▸ Exercise details
Your output should be everything below from the line containing "Москва. 13 февраля." down to the line containing "Two people are", both ends included, copied exactly, with pictures left out.

▸ Supplied records
-*-
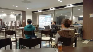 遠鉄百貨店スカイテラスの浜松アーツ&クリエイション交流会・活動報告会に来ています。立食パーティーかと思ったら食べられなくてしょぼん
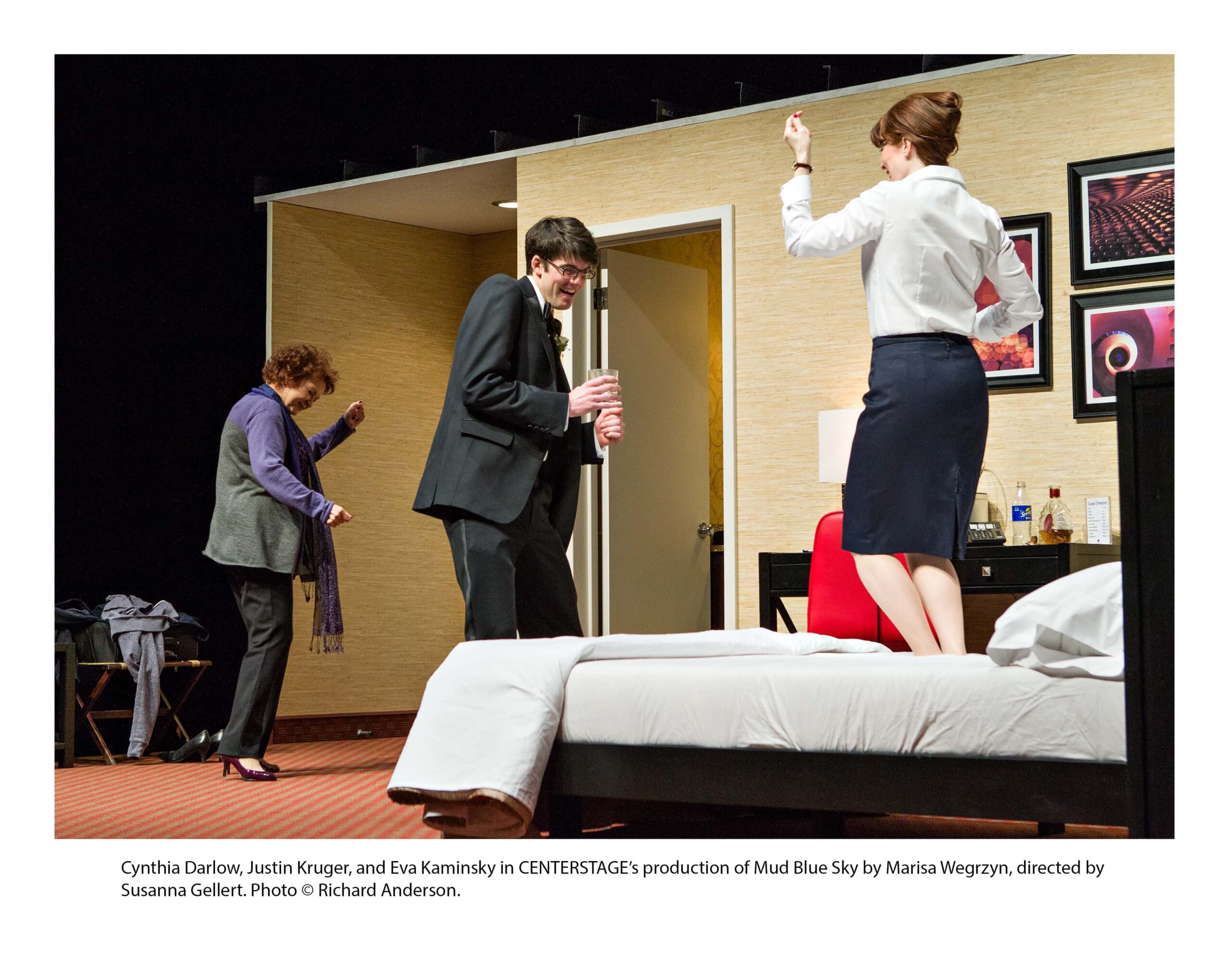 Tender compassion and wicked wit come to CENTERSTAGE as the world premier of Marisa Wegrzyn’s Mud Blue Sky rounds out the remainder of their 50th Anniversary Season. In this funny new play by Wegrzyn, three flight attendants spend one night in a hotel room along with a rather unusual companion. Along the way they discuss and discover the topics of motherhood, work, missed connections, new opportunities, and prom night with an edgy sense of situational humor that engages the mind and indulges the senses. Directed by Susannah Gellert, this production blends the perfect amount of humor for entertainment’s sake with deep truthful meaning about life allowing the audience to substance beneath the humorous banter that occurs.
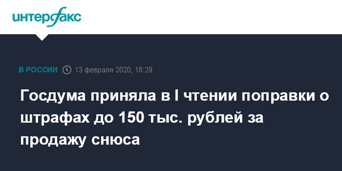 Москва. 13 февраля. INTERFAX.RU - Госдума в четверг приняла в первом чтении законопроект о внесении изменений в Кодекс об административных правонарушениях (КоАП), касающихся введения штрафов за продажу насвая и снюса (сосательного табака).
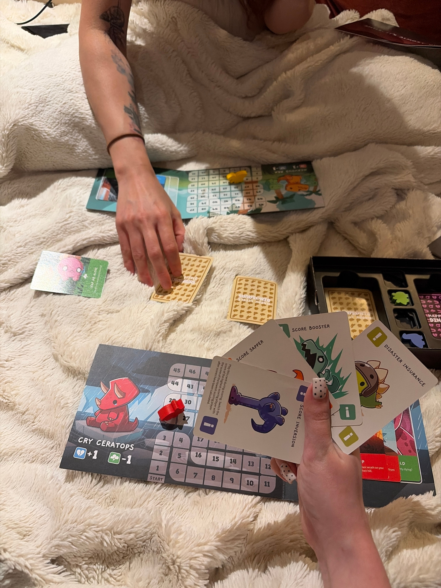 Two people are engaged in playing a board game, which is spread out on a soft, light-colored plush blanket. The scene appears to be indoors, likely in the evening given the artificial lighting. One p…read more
-*-
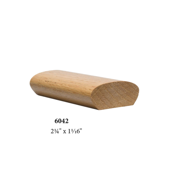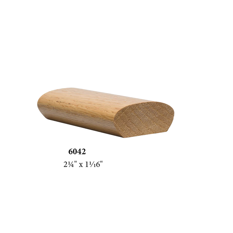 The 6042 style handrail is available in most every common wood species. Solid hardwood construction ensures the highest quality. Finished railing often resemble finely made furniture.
-*-
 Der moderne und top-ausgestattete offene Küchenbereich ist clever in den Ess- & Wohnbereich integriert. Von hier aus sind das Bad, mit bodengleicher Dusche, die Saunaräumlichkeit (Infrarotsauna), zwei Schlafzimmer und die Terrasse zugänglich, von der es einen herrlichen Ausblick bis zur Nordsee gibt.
-*-
▸ Task result
 Москва. 13 февраля. INTERFAX.RU - Госдума в четверг приняла в первом чтении законопроект о внесении изменений в Кодекс об административных правонарушениях (КоАП), касающихся введения штрафов за продажу насвая и снюса (сосательного табака).
 Two people are engaged in playing a board game, which is spread out on a soft, light-colored plush blanket. The scene appears to be indoors, likely in the evening given the artificial lighting. One p…read more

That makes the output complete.